Many underestimate the importance of a good night’s rest. Getting enough sleep is vital to maintaining optimal health and well-being. It’s as essential as regular exercise and eating a balanced diet.
Conversely, being sleep deprived negatively affects brain function. Cognition, concentration, productivity, and performance are all affected by the amount of sleep that you get.
- 35% of Americans don’t get the recommended seven hours of sleep each night.
- On average, Americans currently get only 6.8 hours of sleep each night.
- In 1910 the average person slept 9 hours a night.
- Roughly 20% of Americans have a sleep disorder.
- Since 1985 the percentage of adults getting less than six hours of sleep each night has increased by 31%.
- 97% of teenagers get less than the recommended amount of sleep.
- 7 out of 10 college students don’t get adequate sleep.
- Sleep deprivation costs the US $411 billion annually.
- 37.9% of people reported unintentionally falling asleep during the day or at work in the last 30 days.
Unfortunately, with today’s busy workplace, getting the right amount of sleep is difficult – even though it’s crucial to get enough sleep regularly!

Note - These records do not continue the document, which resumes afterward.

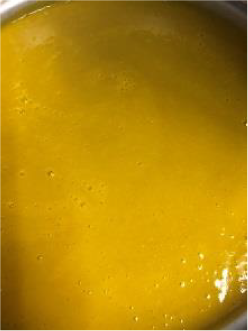 野菜ブイヨンを加えて煮込み、かぼちゃが柔らかくなったらミキサーで白ゴマ、白味噌と一緒に回して鍋に戻す
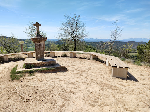 Sitio estrategico geológicamente y paisajísticamente Aunque pillamos mal día, con niebla, este sitio se ve que es digno de ver los días soleados, pues ves casi todos los sitios emblemáticos de Cataluña, como pirineos, algunos parques naturales, Montserrat, etc... Además, está a más de 1000 mts de altura, pero llegar a él casi sin darte cuenta y ya estás. Tiene un punto geográfico que se usaba antiguamente para realizar mapas topográficos y es el punto más elevado de todo el municipio de l'estany. Además, hay bancos para sentarse y una fotografía antigua. Visita obligada para los...
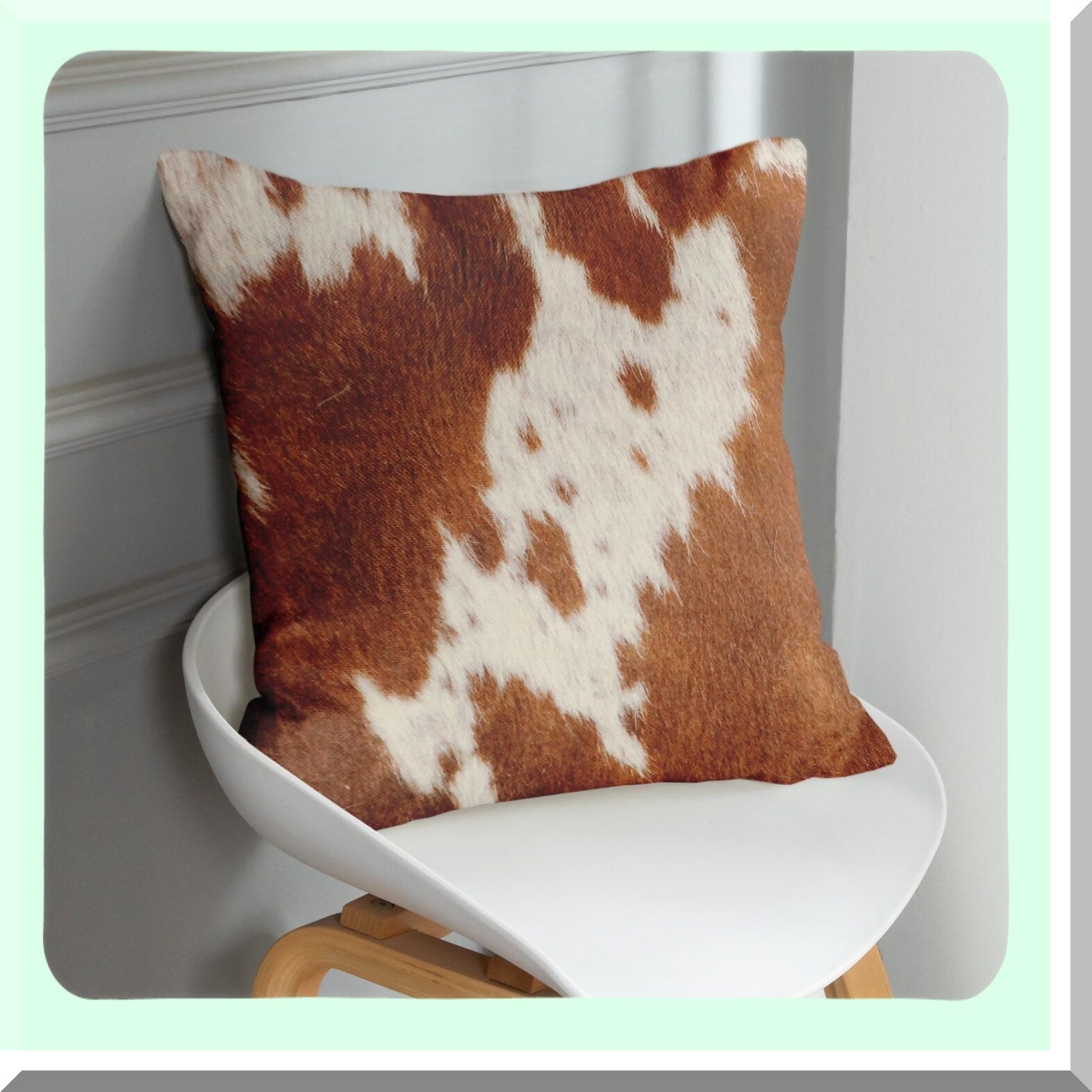 Animal Print Pillow Cover Set - Decorative Sofa Cushion Cases, 16x16 Inches, Cow Brown Design for Home Decor and Outdoor Use - Pack of 4
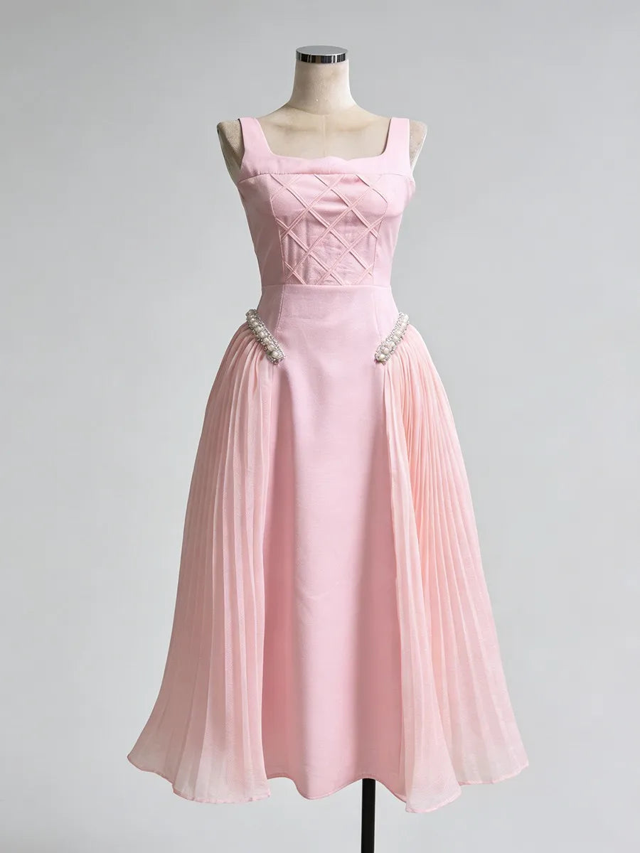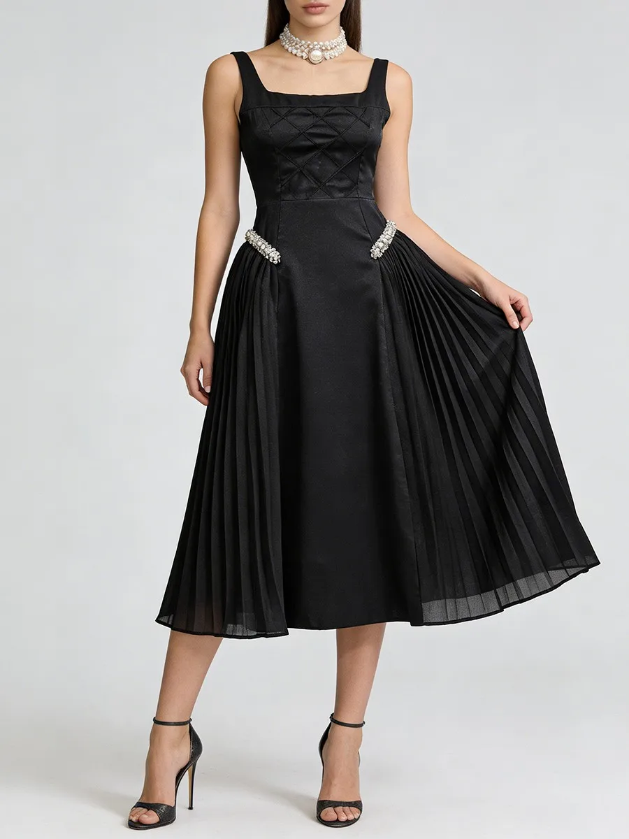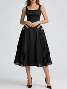 Refined glamour meets timeless elegance in the Trend4us Luxe Crystal-Accent Pleated Midi Dress. Designed for sophisticated evenings and elevated occasions, this black midi dress features a corset-inspired bodice with subtle contour stitching that sculpts and flatters the waist. The wide shoulder straps and structured neckline offer modern poise, while the flowing pleated skirt adds graceful movement with every step.

Better concentration and productivity
Those that are sleep-deprived have more trouble refocusing on a task after an interruption compared to someone who’s well-rested.We all deal with those small disruptions at work – the phone rings, a coworker asks for help, or your boss needs you to handle something – it happens all the time.
How quickly you’re able to jump right back into your original task depends directly on how much sleep you got the night before. Getting a good night’s sleep will also increase your accuracy. According to an article in the Journal of Experimental Psychology, one of the largest sleep deprivation studies ever, it concluded that people are about twice as likely to make mistakes when they’re sleep-deprived.
Lower weight gain risk
A study in the American Journal of Clinical Nutrition found that people who aren’t getting enough sleep were more prone to late-night snacking, and were more likely to choose high-carb snacks.
Backing up this research was another study at the University of Chicago, where sleep-deprived participants chose snacks with twice as much fat content as those who slept at least 8 hours.
Another way insufficient sleep affects your weight is by triggering a cortisol spike. Cortisol is your body’s main stress hormone, and it also controls your mood, motivation, and fear. According to Healthline, over time, high levels of cortisol may cause weight gain and high blood pressure.
Get sick less often
Studies have shown that employees who sleep for 5 hours a night miss 1 ½ times more work days due to illness than employees who sleep 8 hours a night.
According to the Mayo Clinic, lack of sleep can affect your immune system. People that don’t get quality sleep or enough sleep are more likely to get sick after being exposed to a virus. It can also affect how quickly you recover once you do get sick.
A study at the University of Pennsylvania found that participants who were only allowed 4.5 hours of sleep a night for one week were more stressed, temperamental, and mentally fatigued.
Once they were allowed sufficient sleep, they reported a dramatic improvement in mood. We’ve all been there; a bad night’s sleep makes us grumpy and irritable the next day. We tend to overreact when things aren’t going exactly how we would like them to go.
Conversely, when we wake up refreshed from a good night’s sleep, we’re able to handle things better.
Helps with cardiovascular health
Quality sleep is critical to good health, especially for your heart. During sleep, your blood pressure goes down. When you have sleep problems, your blood pressure stays at a higher rate for a longer period of time. This sustained and elevated blood pressure is one of the leading causes of heart disease and stroke.
Dr. Susan Redline, a Professor of Sleep Medicine at Harvard Medical School states that “Sleep-deprived people have higher blood levels of stress hormones and substances that indicate inflammation, a key player in cardiovascular disease. Even a single night of insufficient sleep can perturb your system.”
Now that you know how important sleep is for your overall health, here are some tips to help you sleep faster and have better quality sleep:
1. Changes to your daily activities that can improve sleep
- Incorporate physical activity into your day, but not right before you go to bed.
- Limit your caffeine intake, especially late in the day.
- Drink alcohol in moderation.
- Don’t eat a large meal close to bedtime.
- Quit smoking. Nicotine is a stimulant and will make it harder to sleep.
- Limit your daytime naps to short power naps of 30 minutes or less.
2. Changes to your nighttime habits that can improve sleep
- Create a good sleep environment. Make sure the room is dark and quiet.
- Set up a routine of going to bed at the same time every night. A consistent nighttime routine will help set your body’s internal clock and help you get to sleep each night.
- Avoid using technology like computers, phones, or TVs right before bed.
- Relax and clear your mind before bed. Consider listening to relaxing music, reading a book, meditating, or taking a hot bath.
- Instead of stressing about the events of the day or what you have planned for the next day, relax your mind and think about positive things.
Figure out what works best for you to allow yourself to get a quality night’s sleep every night. It will improve your health, brain function, and mood.